Eylül ayı FOMC toplantısına da bu eksende bakmakta fayda var. Tamam; Jackson Hole sempozyumundan bu yana bildiklerimiz listesinin ilk sırasında 2023 faiz indirimi ihtimalinin masadan kalkması durumu var. İşte tam da bu noktada Fed’in şahane iletişim çerçevesi ile karşılaşıyoruz: Başkan Powell’ın basın toplantısını “Jackson Hole’dan farklı bir noktada değilim” cümlesiyle açması. Nedir? Kararlılıktır. Bunu iki farklı kanaldan gösterebilirsiniz: i) politika faizinde üçüncü kez +75bp hamlesinin gelmesidir ki kendi tarihindeki en kararlı sıkılaşma döngülerinden birisi içerisinden geçiyoruz ii) ne düşünürseniz düşünün; tarih erken indirim hataları ile dolu olduğundan biz buna düşmek istemiyoruz.                   

Daha yavaş hızda büyüyen ABD ekonomisi, daha yüksek faiz hadleri, daha değerli Amerikan doları ve bir şekilde çıpalanmış olan enflasyon beklentileri. Hepsi kendi içerisinde ayrı ayrı değerlendirilmesi gereken detaylar. Her ne kadar “bilmek güç” dese de Başkan Powell, Amerikan ekonomisi için resesyonun toplantı içerisinde ciddi anlamda tartışıldığı kanaatindeyim.
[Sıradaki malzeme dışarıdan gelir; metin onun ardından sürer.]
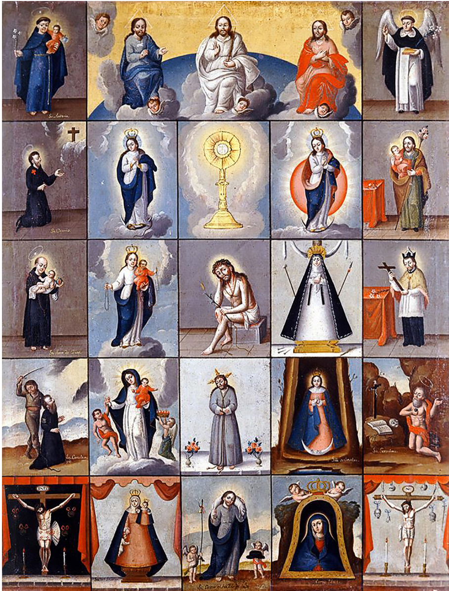
Figura 3. Anónimo, Devocionario mexicano , 1827, Museo Nacional del Virreinato.

Zira büyümenin 2022 için %0.2’ye dek çekilmiş olması ve 2023 GSYH aralıklarının yüzde -0.3 ile yüzde 1.9 arasında şekillenmesi bunun göstergesi. Bu köşedeki son yazıyı klasiklerin iyi olduğu hatırlatması ile tamamlamıştım. Değişen bir şey yok. ABD’de para politikasının sıkılaştığı ve bu eğilimini artırarak devam ettireceği ortamda denklemdeki diğer üyelerin nasıl tepki vermesi gerektiği bilinen bir klasiktir.              

Bu senaryoda işler her zaman arzu edildiği şekilde gitmeyebilir. Sorun gibi görünse de sorun değildir. Doğrudur; faiz artırımına rağmen euro 20 yılın, pound 1985’ten bu yana en düşük noktalara ulaşmıştır. Oysaki BOJ uzun yılların ardından FX piyasasına satış yönlü girip JPY değerini korumaya, PBOC ise yuanı fixing ile korumaya çalışırken. Nedir? Her piyasa işleminin kendi içerisinde bir hikayesi ve beklentisi olduğu unutulmamalıdır. Net/net ikna kabiliyeti ve kredibilite önemlidir. Değerlidir.